PROVIDED RECORDS section start

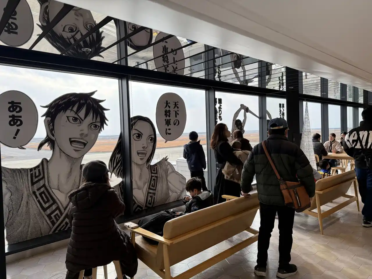 ~佐賀の火を絶やすでないぞォ。~」プロジェクトを実施してきました。本コラボでは、佐賀空港の愛称を「佐賀キングダム空港」としたほか、館内装飾や「佐賀キングダム空港特別展」、有明海沿いの防波堤にコミックス1巻から77巻までの全ページを掲出した「キングダム読破堤(どくはてい)」、古湯温泉でのキャンペーンなど、様々な企画を展開してきました。その結果、各企画の参加者は約2ヶ月間で延べ約16万人を記録しました。 |
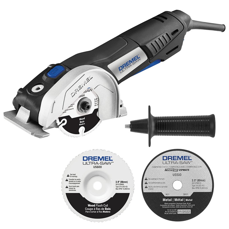 - KIT CONTENTS: Dremel Ultra-Saw US40 Tool, US500 4" Carbide Wood Cutting Wheel (x1), US600 4" Carbide Wood Flush Cutting Wheel (x1), US510 2.5" Metal Cutting Wheel (x1), and Auxiliary Handle (x1).
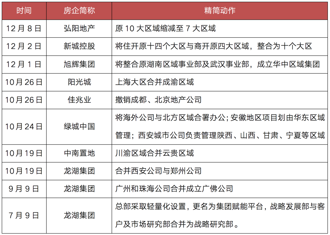 表:近期部分房企組織架構精簡情況
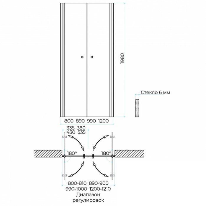 Стеклянная двустворчатая дверь на монопетлях - это стильный и современный элемент интерьера для ванной комнаты. Она изготовлена из прочного закаленного стекла, что обеспечивает ей долговечность и надежность. Монопетли позволяют створки плавно открываться и закрываться для удобства использования.
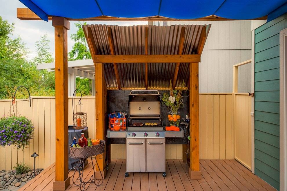 (4) Материал для крыши и ее конструкцию можно выбрать по своему усмотрению. Для открытых кухонь будет достаточно шифера или мягкой кровли.
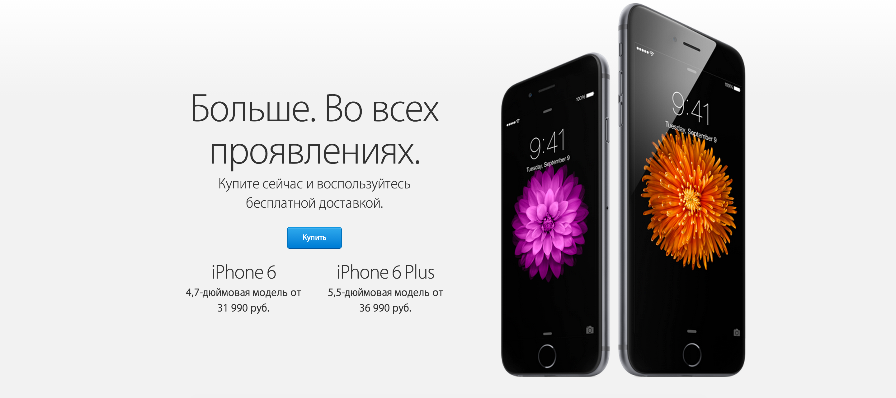 Таким образом, iPhone 6 цена которого на официальном сайте Apple в Росси составляла 31 990 руб. сейчас равняется 39 990 руб., а гаджет iPhone 6 Plus подорожал на целых 10 000 руб.

PROVIDED RECORDS section end

# TASK TO CARRY OUT:
Every last line above must be reproduced as written, and no pictures belong in the copy.

# PROBLEM SOLUTION:
 ~佐賀の火を絶やすでないぞォ。~」プロジェクトを実施してきました。本コラボでは、佐賀空港の愛称を「佐賀キングダム空港」としたほか、館内装飾や「佐賀キングダム空港特別展」、有明海沿いの防波堤にコミックス1巻から77巻までの全ページを掲出した「キングダム読破堤(どくはてい)」、古湯温泉でのキャンペーンなど、様々な企画を展開してきました。その結果、各企画の参加者は約2ヶ月間で延べ約16万人を記録しました。 |
 - KIT CONTENTS: Dremel Ultra-Saw US40 Tool, US500 4" Carbide Wood Cutting Wheel (x1), US600 4" Carbide Wood Flush Cutting Wheel (x1), US510 2.5" Metal Cutting Wheel (x1), and Auxiliary Handle (x1).
 表:近期部分房企組織架構精簡情況
 Стеклянная двустворчатая дверь на монопетлях - это стильный и современный элемент интерьера для ванной комнаты. Она изготовлена из прочного закаленного стекла, что обеспечивает ей долговечность и надежность. Монопетли позволяют створки плавно открываться и закрываться для удобства использования.
 (4) Материал для крыши и ее конструкцию можно выбрать по своему усмотрению. Для открытых кухонь будет достаточно шифера или мягкой кровли.
 Таким образом, iPhone 6 цена которого на официальном сайте Apple в Росси составляла 31 990 руб. сейчас равняется 39 990 руб., а гаджет iPhone 6 Plus подорожал на целых 10 000 руб.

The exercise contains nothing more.